Espinoza v. Montana Department of Revenue

Originally posted on


A scholarship program for low-income Montana students  

Children in Montana have been stripped of their right to participate in a modest scholarship program simply because they attend religious schools.

In 2015 the state legislature passed the Montana Tax Credit Scholarship Program, which allows Montanans a tax credit for $150 of their contributions to a privately-run scholarship program. However, the Montana Department of Revenue refused to implement the program citing the state’s Blaine Amendment, an archaic anti-religious law that forbids tax credits going to schools owned or operated by a “church, sect, or denomination.”

Treating religious school students as second-class citizens 

The Department then created its own rule that limits the use of scholarship funds to children that attend non-religious private schools, leaving religious schools out in the cold. By denying religious schools the ability to participate in a widely available public program, the Montana Department of Revenue stands in defiance of the Supreme Court’s June 2017 decision in Trinity Lutheran v.
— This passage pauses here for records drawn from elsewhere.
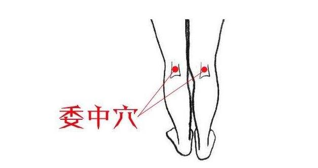 委中穴的位置在腘窝横纹正中线处。取穴时可屈腿,膝关节后侧的腘窝中出现横纹,其横纹的中点处即是委中穴。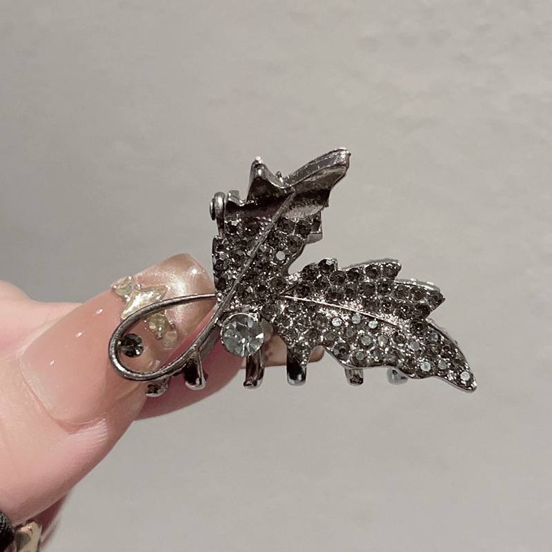 • 건메탈 블랙 크리스탈 리본 미니 집게핀
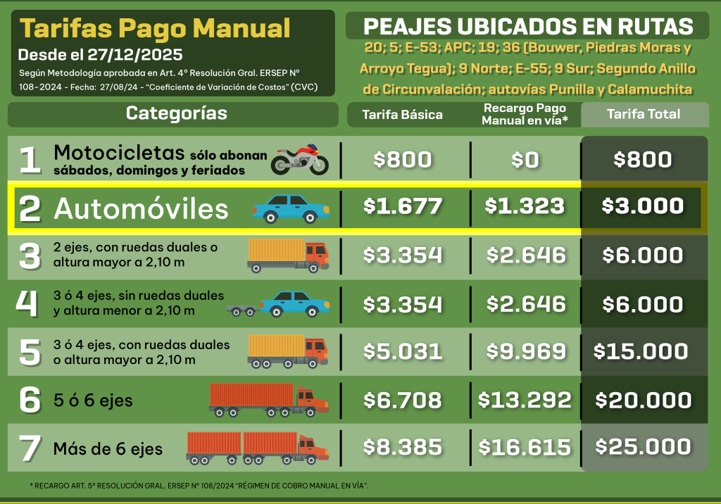 La empresa Caminos de las Sierras informa que a partir de las 0 horas del sábado 27 de diciembre entrará en vigencia un nuevo cuadro tarifario en las rutas de la Red de Accesos a Córdoba (RAC).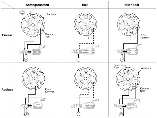 и фазовращатель кулачка, который регулирует фазу кулачка в соответствии с фазой, создаваемой моторным маслом. Гидравлическая мощность варьируется. |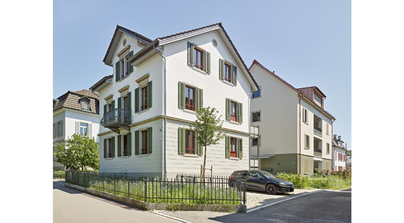 An der Haltbergstrasse wurde neben dem Neubau das bestehende MFH revitalisiert, der ganze Innenausbau wurde erneuert. Das komplett renovierte Haus umfasst zwei 3.5-Zimmer-Wohnungen sowie eine 2.5-Zimmer-Wohnung mit einem Dachbalkon. Die Aussenwände wurden innen gedämmt. Erdsonden tragen zu einer unabhängigen Energieversorgung bei.

Comer that ruled religious groups cannot be barred from participation in widely available public programs simply because they are religious.

Institute for Justice, as well as Holland & Hart LLP, represent three low-income Montana mothers who would like to use the program to help send their children to religious private schools.
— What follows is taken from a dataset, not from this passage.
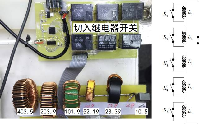 为了方便获得不同电感值下的输出信号的强度,实验中使用了六只不同的电感通过相互的串联可以获得不通电感值。选择电感值为比值为2的等比序列。因此可以通过不同组合的串联获得64个不同的电感值。

Becket supports equal treatment of religious schools in public programs 

In January 2018, Becket filed a  friend-of-the-court brief  at the Montana Supreme Court in support of the parents, arguing that religious organizations cannot be treated as second-class citizens when it comes to widely available public benefit programs.

Oral argument  was held on April 6, 2018 at the Montana Supreme Court, which in December 2018, ruled against the scholarship program. On March 13, 2019, the Montana parents appealed to the U.S. Supreme Court. On June 28, 2019 the Supreme Court agreed to hear the Montana mothers’ case. On September 18, 2019, Becket filed a friend-of-the-court brief arguing that the discriminatory history of the Blaine Amendments renders them unconstitutional, and that religious organizations cannot be treated as second-class citizens when it comes to widely available public benefit programs. Oral argument is expected to take place early next year.

Importance to Religious Liberty: 

  • Education: Religious schools should be able to participate in publicly available programs without discrimination, and religious school students should be able to participate in these programs on equal footing as students who attend non-religious schools.
  • Dismantling discriminatory state laws: So long as anti-religious laws from the mid-19th century called Blaine Amendments remain in the books, people of all faiths can face discrimination, simply because they choose to attend a religious school.
  • Reinforcing precedent set by Trinity Lutheran v. Pauley: In June 2017, the U.S. Supreme Court ruled 7-2 that the state of Missouri can’t prevent a religious school from participating in a publicly available program that provides shredded-tire resurfacing to make playgrounds safer for kids on equal footing with other schools.